I'm looking at a used DELTA 1/2" Hollow Mortising Chisel & Chisel Bit;My question is can I chuck this into a standard drill press or do I need to use this only in a DELTA Hollow Mortising machine?Is there other parts that I need to make it work,I.E adapter,tool holder etc.I don't know anything about them other than seen them and know what they do.


----------



## Kazooman (Jan 20, 2013)

You need either a dedicated mortise machine or an adapter for your drill press. The adapter holds the square chisel in place while the drill bit spins inside. The drill bit takes out the bulk of the material and the chisel cleans up the corners.

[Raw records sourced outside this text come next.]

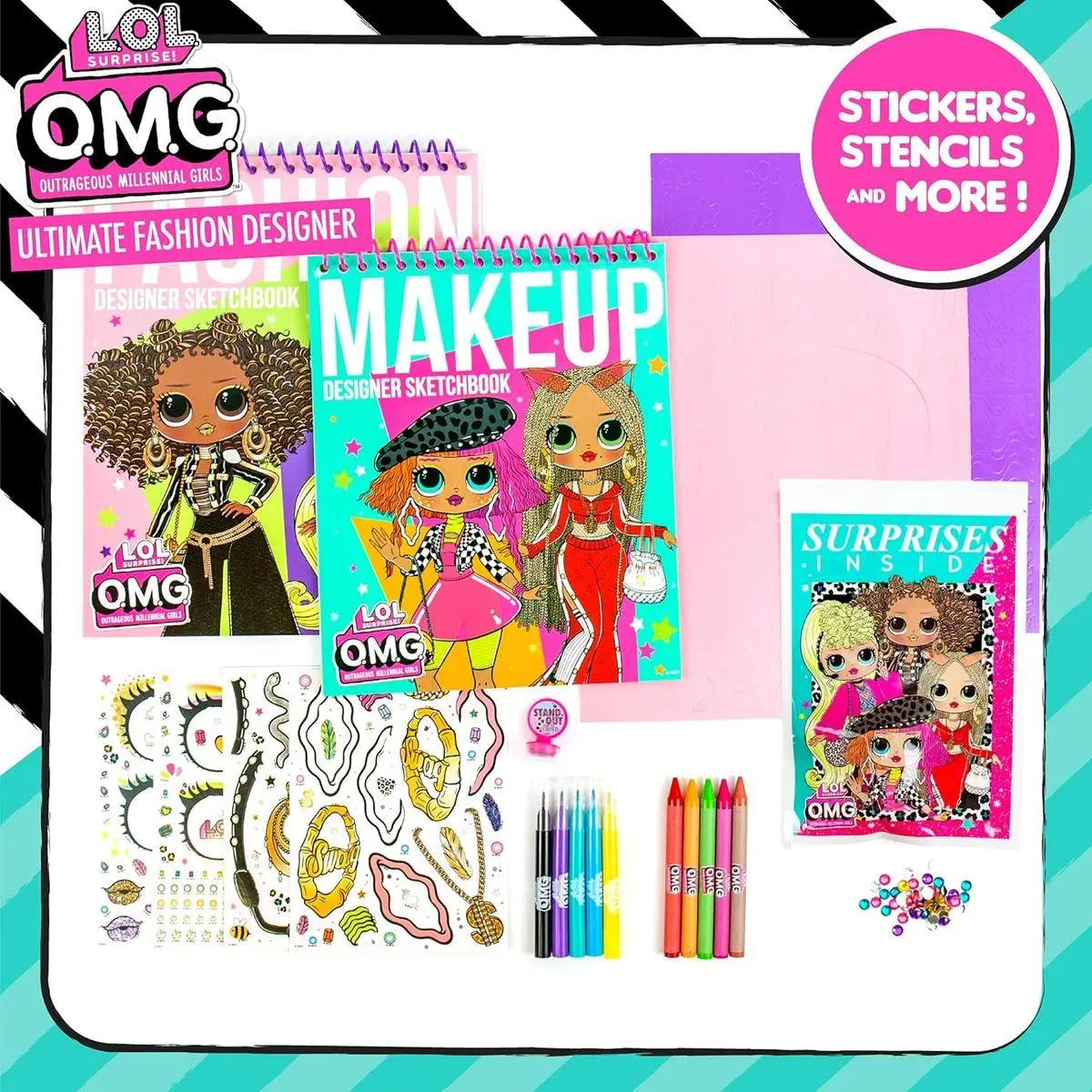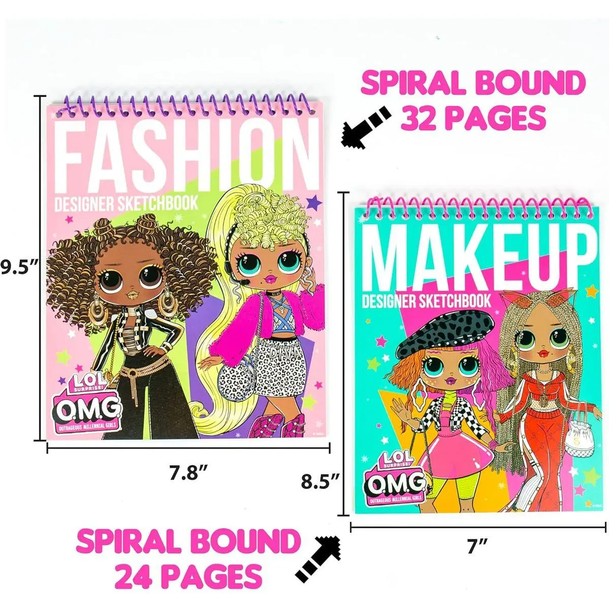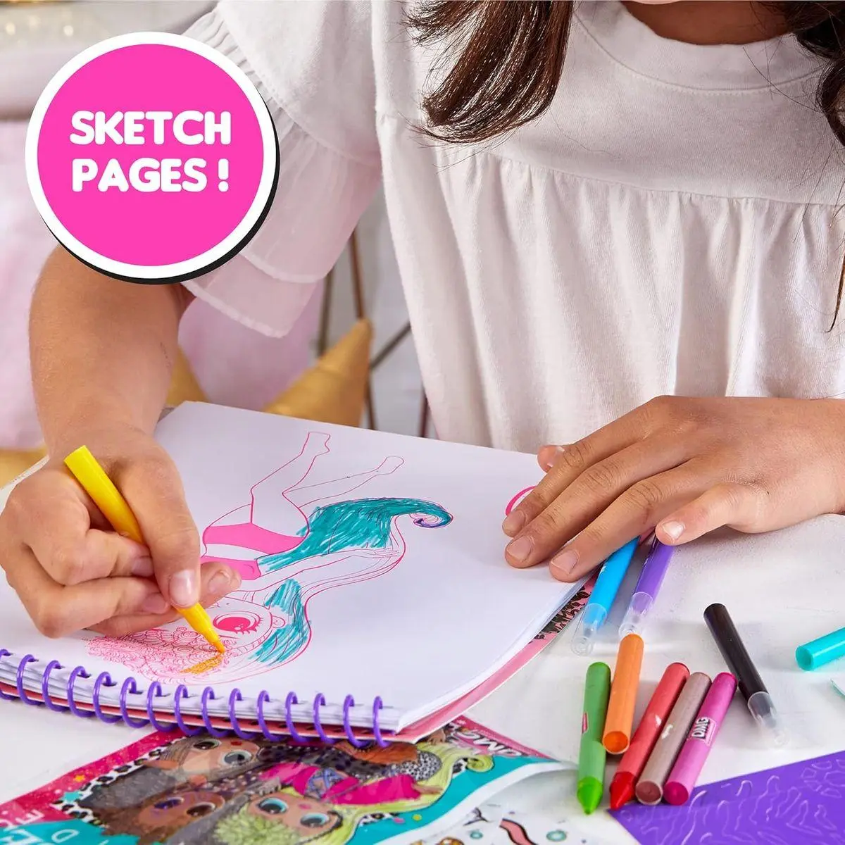 2 LOL SURPRISE OMG SKETCHBOOKS: Would you rather be a L.O.L. Surprise! O.M.G. fashion designer or make-up artist? With this 2-in-1 set, you can be both! Color & create your own outfits and make-up looks with a runway-inspired sketchbook and make-up designer sketchbook!
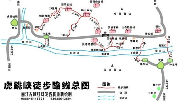 注1:丽江古城国际青年旅舍(0888-5180124、5158123)有去虎跳峡的班车,单程35元,到虎跳峡镇桥头。
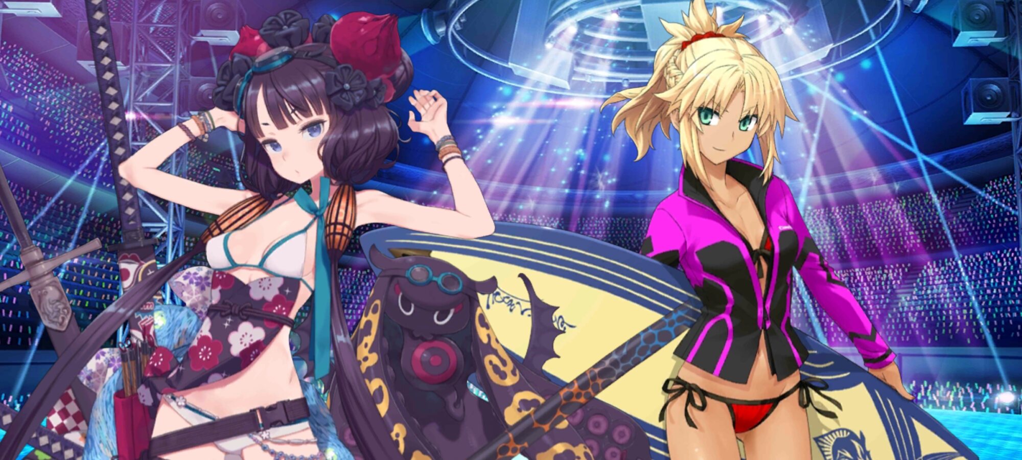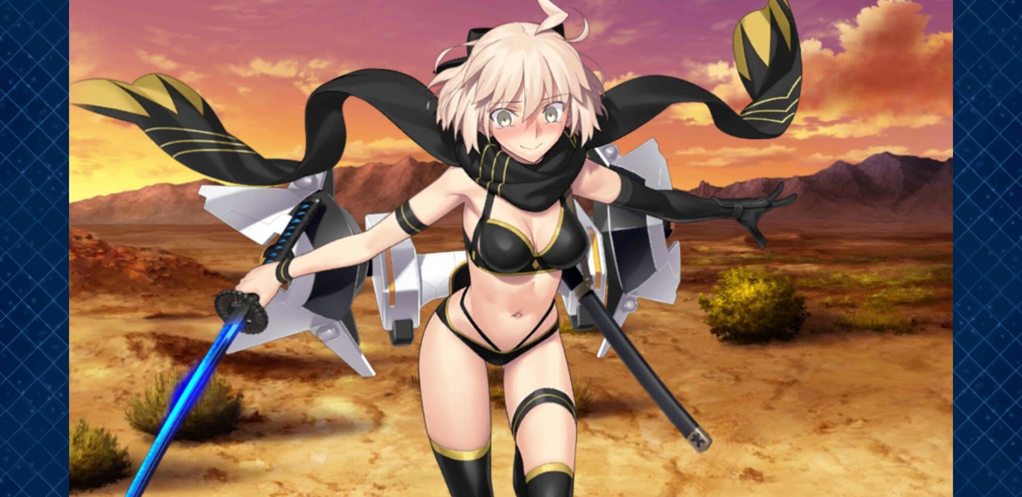 その脚線美を存分に味わえるのが水着武蔵ちゃんの第一霊基、競泳水着がもう凄まじいのなんのってこれ表現がまるで見つかりませんのでがんす!!

Image from http://www.homedepot.com/catalog/productImages/1000/61/618aab18-cbdf-45dd-b748-836b1c511aa7_1000.jpg.


----------



## daddywoofdawg (Feb 1, 2014)

ok so it maybe cheaper to just get a machine.glad I asked thank you.


----------



## runswithscissors (Nov 8, 2012)

If you check out some of the threads on here about mortising adapters for drill presses, you'll find that most people despise them. Not all, but most. A dedicated mortiser works much better, but even they have their frustrating aspects.


----------



## conifur (Apr 1, 2015)

In my experience, you will not get enough leverage on a drill press adapter, and will become very frustrated with it.


----------



## Gentile (Jun 3, 2013)

I used to have one and it was a pain. It ties up the drill press when needed.
I picked up a Jet stand alone mortiser that I bolt to a counter when I need to use it. The Jet ain't the best one out there, but I works well for my stuff.


----------



## wapakfred (Jul 29, 2011)

Regardless of whether it's a DP attachment, or a dedicated mortiser, the Delta mortising bits aren't the best anyway, dull quickly and don't sharpen well (even with the sharpening aids). I replaced mine with Clico.


----------